Limitations & Future Work¶
- Focus solely on classification tasks: The benchmark only covers classification scenarios, leaving out segmentation tasks—which are more common and critical in medical imaging.
- Evaluation limited to post-hoc methods: It does not cover methods requiring additional training steps (such as outlier exposure), although the authors cite OpenOOD's conclusion that post-hoc methods are competitive with training-based methods.
- Fixed classifier architectures: Each benchmark uses only a single classifier architecture (ResNet50 / ResNet18 / R(2+1)D), leaving the influence of architectural choices on OOD detection method rankings unexplored.

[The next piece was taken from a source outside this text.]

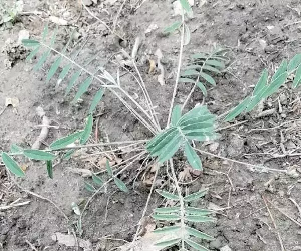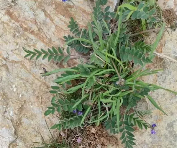 多年生草本,主根圆锥状。分茎极缩短,叶及总花梗于分茎上丛生。托叶宿存,下面的阔三角形,上面的狭三角形,基部合生,外面密被白色长柔毛;叶在早春时长仅2-5厘米,夏秋间可长达15厘米,个别甚至可达23厘米,早生叶被长柔毛,后生叶毛稀疏,甚几至无毛;叶柄具沟;小叶7-21片,椭圆形到长圆形,卵形到长卵形,有时披针形,顶端小叶有时为倒卵形,长 (4.5) 10-14 (-25) 毫米,宽 (1.5) 5-8 (-10) 毫米,基部圆,先端具细尖,急尖、钝、微缺或下凹成弧形。伞形花序有2-6朵花;总花梗具沟,被长柔毛,花期较叶稍长,花后约与叶等长或短于叶长;苞片三角状线形,长2-4毫米,花梗长1-3.5毫米;花萼钟状,长7-8毫米,被贴伏长柔毛,上2萼齿最大,与萼筒等长,下3萼齿较小,最下一片最小;花冠紫堇色,旗瓣长13毫米,宽8毫米,倒卵形,全缘,先端微缺,基部渐狭成瓣柄,翼瓣长10毫米,宽3毫米,斜长倒卵形,具短耳,瓣柄长3毫米,龙骨瓣长6毫米,宽2毫米,倒卵形,瓣柄长2.5毫米;子房椭圆状,密被贴服长柔毛,花柱无毛,内卷,顶端膨大成圆形柱头。荚果圆筒状,长17-22毫米,直径3-4毫米,被长柔毛;种子三角状肾形,直径约1.8毫米,具凹点。花期4月。果期5-6月。

- Unexplored potential of foundation models: With the development of medical imaging foundation models (e.g., BiomedCLIP), OOD detection methods leverageable from these models might show superior performance.
Related Work & Insights¶
- vs. OpenOOD: OpenOOD is geared towards natural images and evaluates cs-ID merged with ID. This work tailor-makes an independent cs-ID evaluation for medical contexts, making it highly suitable for safety-critical clinical deployment.
- vs. MOOD Challenge: MOOD uses synthetic image corruption as OOD, whereas this work utilizes real-world medical domain shifts, aligning closer with clinical reality.
- vs. Cao et al.: Cao et al. only covers 8 methods and 3 medical scenarios, with partial reliance on natural images. This work is much larger in scale (24 methods, 14 datasets), offering more reliable conclusions.
Rating¶
- Novelty: ⭐⭐⭐ The core contribution is the benchmark construction rather than a new algorithm, though the design of evaluating cs-ID independently introduces fresh insights.
- Experimental Thoroughness: ⭐⭐⭐⭐⭐ 24 methods, 14 datasets, and multiple metrics, establishing the most comprehensive evaluation of medical OOD detection to date.
- Writing Quality: ⭐⭐⭐⭐ The structure is clear, and the dataset descriptions in the appendix are highly detailed, though there are several LaTeX macro rendering issues in the main body.
- Value: ⭐⭐⭐⭐ It reveals key findings that natural image benchmark conclusions cannot be directly transferred, offering valuable guidance for clinical AI deployment.